■ **Dataset items**:

>>>>

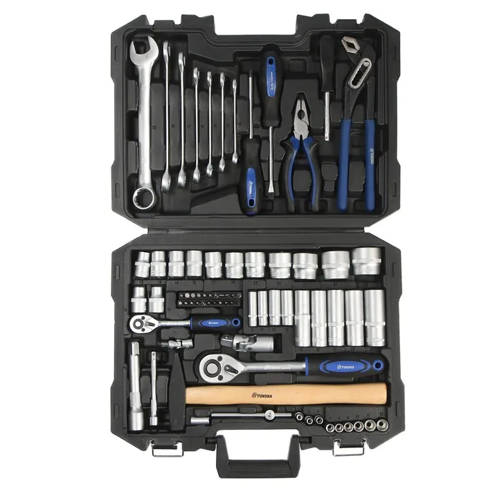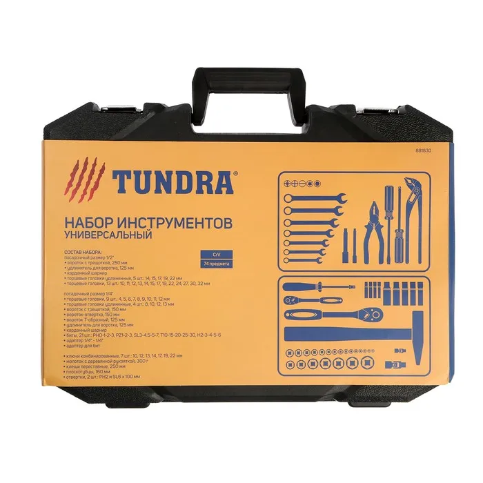 Набор инструментов в кейсе ТУНДРА, автомобильный, CrV, 1/2", 1/4", 74 предмета — Характеристики
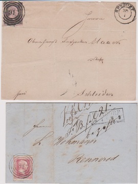 "91" nebst K2 "Bendorf" auf Briefvs. 1 Sgr., sowie nebst Ra2 auf gefaltetem Brief 1 Sgr.
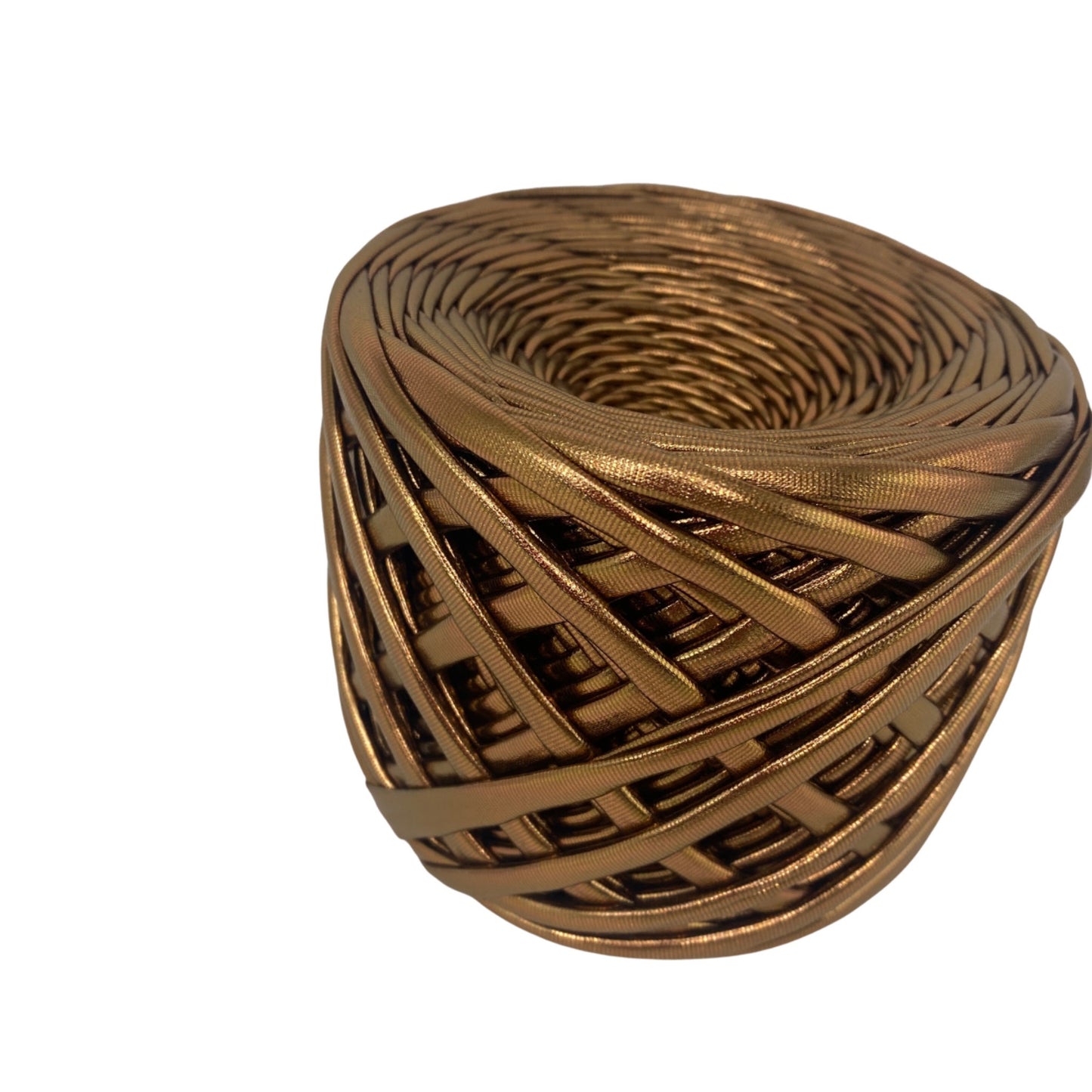 Metallic tshirt yarn is a quality yarn, made of 100% polyester with metal spraying. Without knots, stitches, and differences in width. LOOK LETAHER YARN
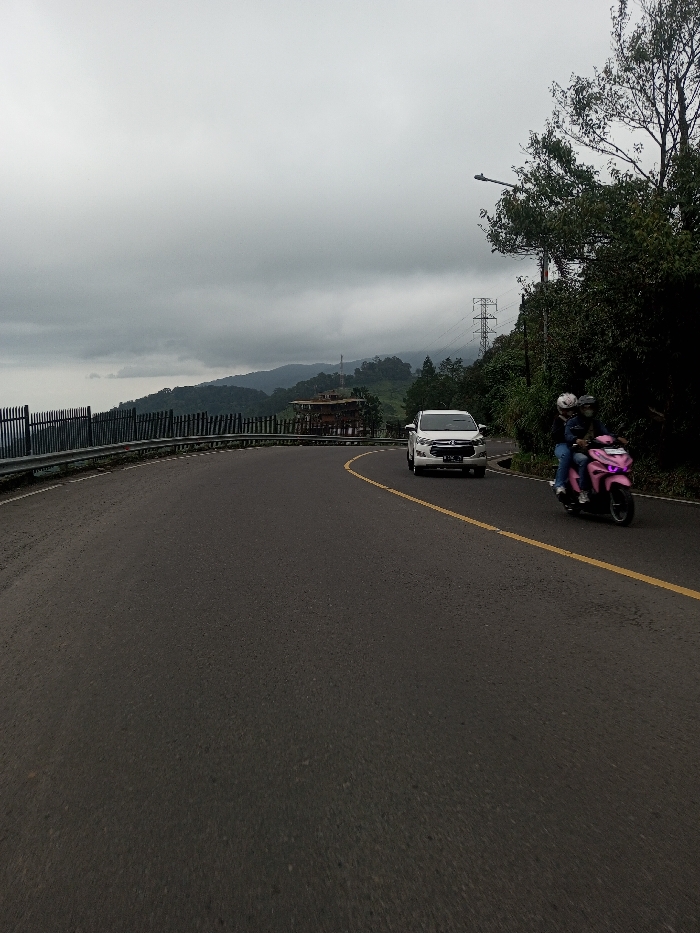 The image displays a curved asphalt road segment located within the city of Domphoog_Dungkarchhoeling, Bhutan, under an overcast sky. A continuous yellow line delineates the center of the roadway. On the left side of the road, a metal guardrail is present, beyond which a black vertical fence and a multi-tiered brown building, indicative of traditional architecture, are visible. A white SUV, resembling a Toyota Innova, occupies the right lane, facing towards the viewer. Its license plate displays characters consistent with "B 1294." To the immediate right and slightly in front of the SUV, a pink scooter is positioned, carrying two individuals. Both scooter occupants are wearing helmets. The foreground on the right side of the road is bordered by dense green foliage. Further back on the right, a street light pole and a lattice-style electrical transmission tower are visible amidst the trees. Distant forested hills extend across the horizon beneath the uniformly grey sky.
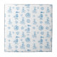 Playful seagull doodle pattern ceramic tile with surfing birds, seashells, and sun icons in clean blue line art. Light, fun, and beach-ready aesthetic with a carefree coastal vibe. Ideal for surfers, beach lovers, and summer lifestyle fans.

<<<<

The entries above should be written out in full, and any picture in them left out.

 Набор инструментов в кейсе ТУНДРА, автомобильный, CrV, 1/2", 1/4", 74 предмета — Характеристики
 "91" nebst K2 "Bendorf" auf Briefvs. 1 Sgr., sowie nebst Ra2 auf gefaltetem Brief 1 Sgr.
 Metallic tshirt yarn is a quality yarn, made of 100% polyester with metal spraying. Without knots, stitches, and differences in width. LOOK LETAHER YARN
 The image displays a curved asphalt road segment located within the city of Domphoog_Dungkarchhoeling, Bhutan, under an overcast sky. A continuous yellow line delineates the center of the roadway. On the left side of the road, a metal guardrail is present, beyond which a black vertical fence and a multi-tiered brown building, indicative of traditional architecture, are visible. A white SUV, resembling a Toyota Innova, occupies the right lane, facing towards the viewer. Its license plate displays characters consistent with "B 1294." To the immediate right and slightly in front of the SUV, a pink scooter is positioned, carrying two individuals. Both scooter occupants are wearing helmets. The foreground on the right side of the road is bordered by dense green foliage. Further back on the right, a street light pole and a lattice-style electrical transmission tower are visible amidst the trees. Distant forested hills extend across the horizon beneath the uniformly grey sky.
 Playful seagull doodle pattern ceramic tile with surfing birds, seashells, and sun icons in clean blue line art. Light, fun, and beach-ready aesthetic with a carefree coastal vibe. Ideal for surfers, beach lovers, and summer lifestyle fans.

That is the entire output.